Part II: The Science, The Scientist, and the Human

Why talk about Einstein when the film is titled “Oppenheimer?” Save for the Americans, ask any layperson if they know who J. Robert Oppenheimer is, and they’d probably tell you that they don’t. For most of the world, Einstein holds two titles: the “Smartest Man in the World,” and the “Father of the Atom Bomb.” Both are misconceptions. We can’t know for sure if Einstein was indeed the smartest person of his generation, but to say that he was the “father” of the Atom Bomb is outright wrong.

But one thing is for certain: ever since Oppenheimer, there has been a growing distrust of science in America. Oppie may not be the main cause, especially with the increasingly divisive politics of today, but his generation of scientists were the sparks which started the chain reaction. The thing is, it may not even be their fault. 

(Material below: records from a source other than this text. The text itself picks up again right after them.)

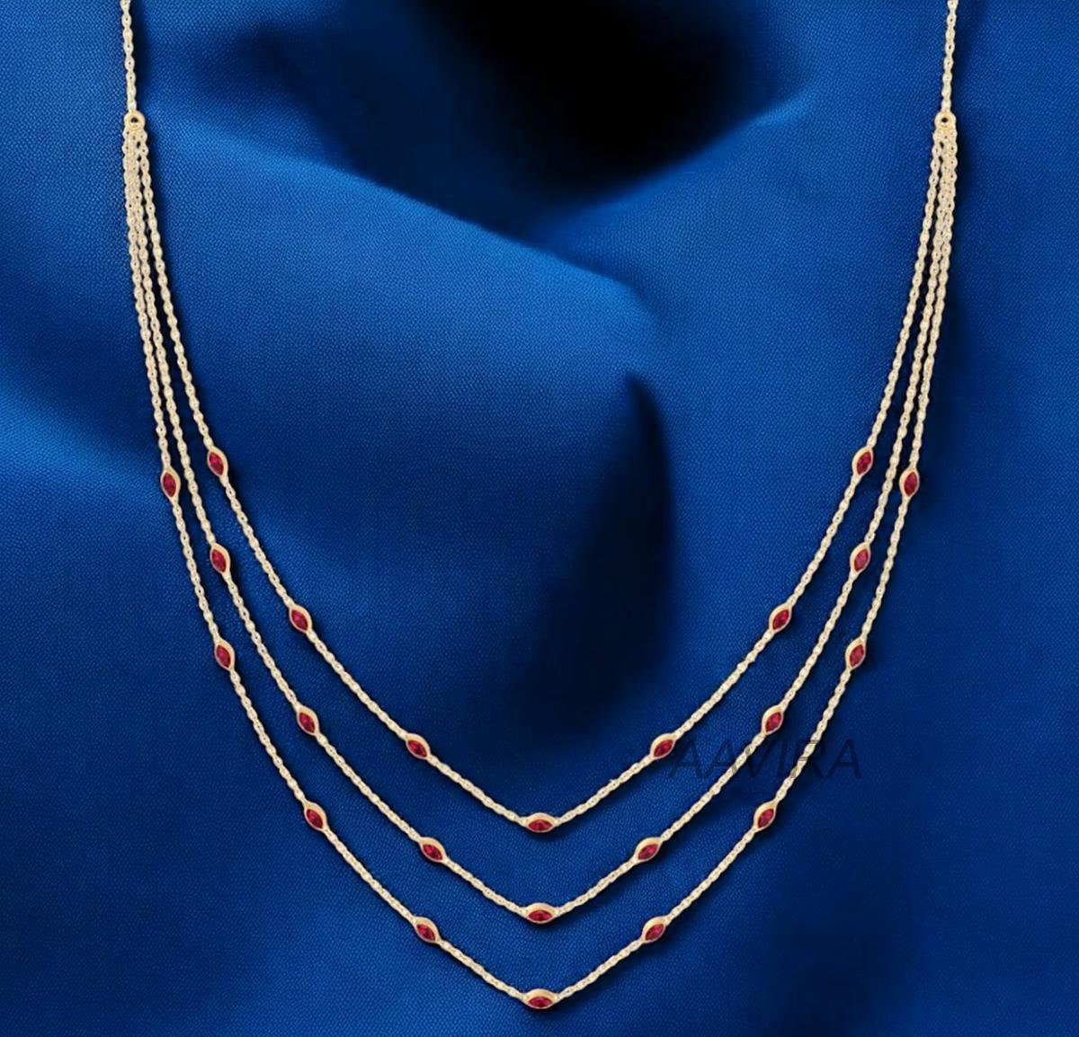Three Layer Necklace, Ruby Gemstone Layer Necklace, Marquise Ruby Necklace For Her, Women's Necklace, Bridesmaid Gift, Anniversary Necklace, Gifts, Marquise Necklace, Dainty Necklace Pendant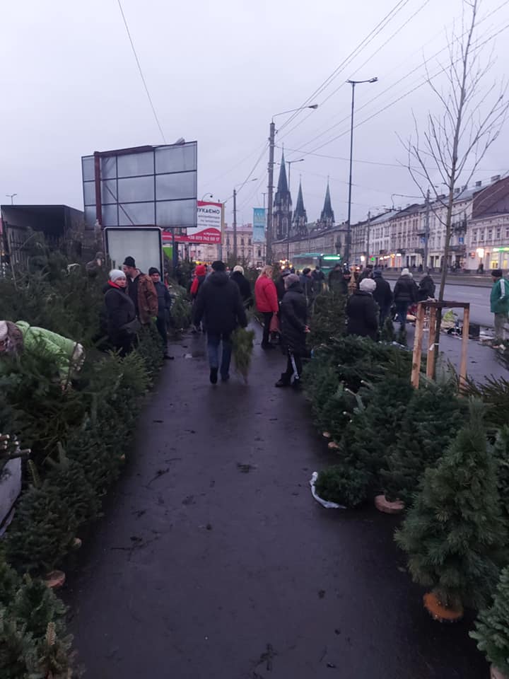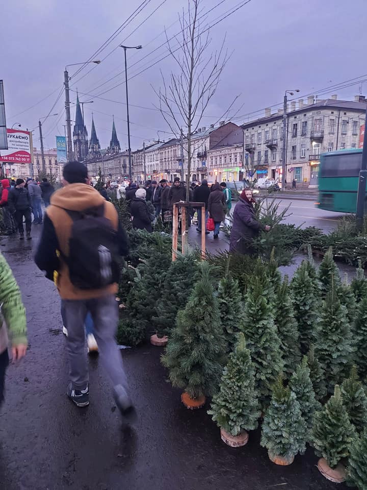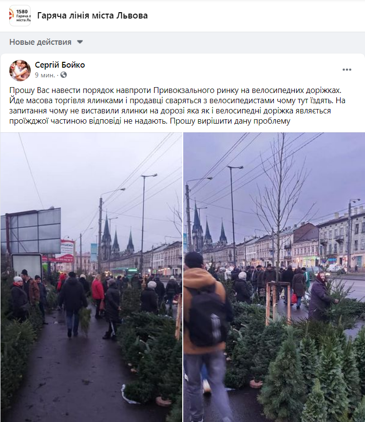 «Прошу навести порядок навпроти Привокзального ринку на велосипедних доріжках. Йде масова торгівля ялинками і продавці сваряться з велосипедистами чому тут їздять. На запитання чому не виставили ялинки на дорозі, яка як і велосипедна доріжка являється проїжджої частиною, відповіді не надають. Прошу вирішити дану проблему», – – зазначає у зверненні на «Гарячу лінію міста Львова» у ФБ Сергій Бойко.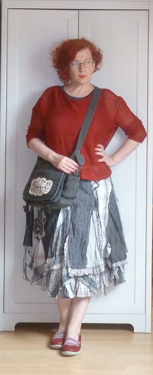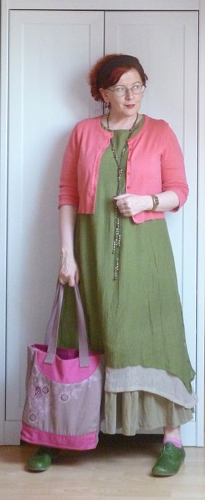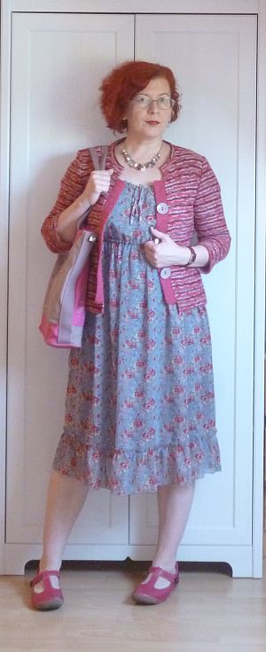 Ahhoz, hogy mégiscsak lehessen látni, én varrtam a cuccot, a nyakkivágást a szokott módon kivirágocskáztam, miután körbekajtattam a fél világot olyan coton perlé után, ami színében pont azonos a ruhaanyagéval.
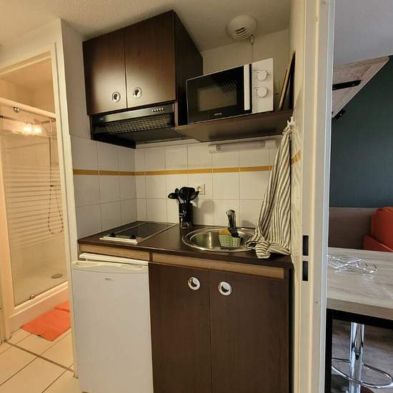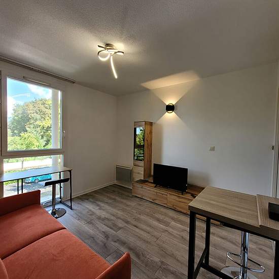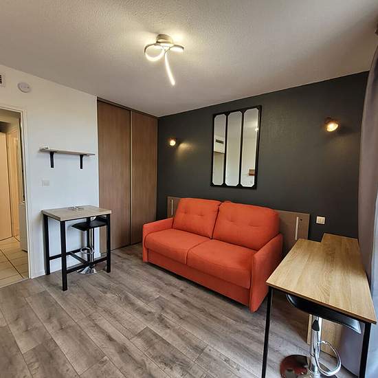 HAUT D'IDRON à l'Est de PAU (10mn du centre-ville et de la Fac, proche Auchan), , en face de tous les commerces et commodités à pieds, Dans une résidence récente sécurisée, en Dernier étage avec ascenseurs, au Calme et sans vis à vis Studio Meublé refait à neuf, 19.60 m² habitables composé d'une kitchenette entièrement équipée (hotte aspirante, four mo, réfrigérateur, plaques de cuisson, lave vaisselle...), donnant sur une pièce de vie aménagée d'un canapé-lit de qualité, bureau, composition meuble + TV , table haute + tabourets, placard... ...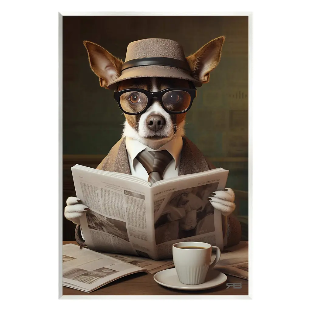 Add dimension to any room with our textured Framed Giclee Artwork. Our framed artwork is securely mounted into a 1.5-inch thick wood grain frame and ready to hang. Frames are available in three alluring styles: black, gray farmhouse and white. In addition, you should check out our oversized options if you want a statement piece. Stupell Wall Art is made in the USA.Features: Dimensions: 11 x 1.5 x 14 FramedFramed Giclee Products are available in the sizes 11"x14", 16"x20" or 24"x30". All Framed Giclee Products have a 1.5" Depth. Wall Art is Ready to Hang with Hardware Free Hanging. No installation required. For Easy Set Up Lean or Layer Artwork on Shelf or Against Wall.Our giclée prints are carefully mounted on a durable MDF backing, and then perfectly finished in a 1.5 inch thick woodgrain frame. Mounted frame colors include black, gray farmhouse and white. Made In USA.Artwork Relates To: Reading, Animal, Canine, Dog, Mammal, Pet, Sunglasses, NewspaperDesign by RB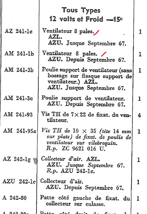 Pour ce qui est du moteur ; je commence sérieusement a abonder dans le sens de Fredo; le fameux ventilateur qui m'intrigue tant est d'apres le livre des pieces la ventilo AZA-A 6 pales avec la poulie de generateur en metal Az-241 1B

Most criticisms of Oppenheimer and his work on the Manhattan Project are valid. He must be made to shoulder the notoriety—and more importantly: the guilt—of building the bombs dropped on Japan. He did go on public record that he regretted it. Those who are more forgiving of Oppenheimer may say that he had no choice but to work for the military. If he had not, it may have been Nazi Germany who would have dropped the first atomic bombs on US soil. He had no choice.

Depressingly, having no choice but to work for the military is a fate shared by many modern scientists. While many factors affect why many STEM graduates are railroaded into working for the military-industrial complex, a lot of it can be boiled down to one word: funding. There is a widely circulated sentiment among the scientific community that most researchers have great ideas, but it is only the military who writes the checks. Because of this, novel researches (ones that are unique and could potentially lead to groundbreaking results) are either appropriated by the military-industrial complex so that the findings could be made secret and privatized for a time, or are ignored so that the researchers could work on systems that have more martial uses. It might be intuitive to say that the world changes with the groundbreaking discoveries of modern science. However, funding directs where the science goes. 

That is true even in the Philippines. Despite experiencing brain drain for the last few decades, many researches done in-country have been funded, partially funded, or done in collaboration with the military. The Department of Science and Technology has been developing weapons and is a development partner in the making of battle dress uniforms for armed personnel.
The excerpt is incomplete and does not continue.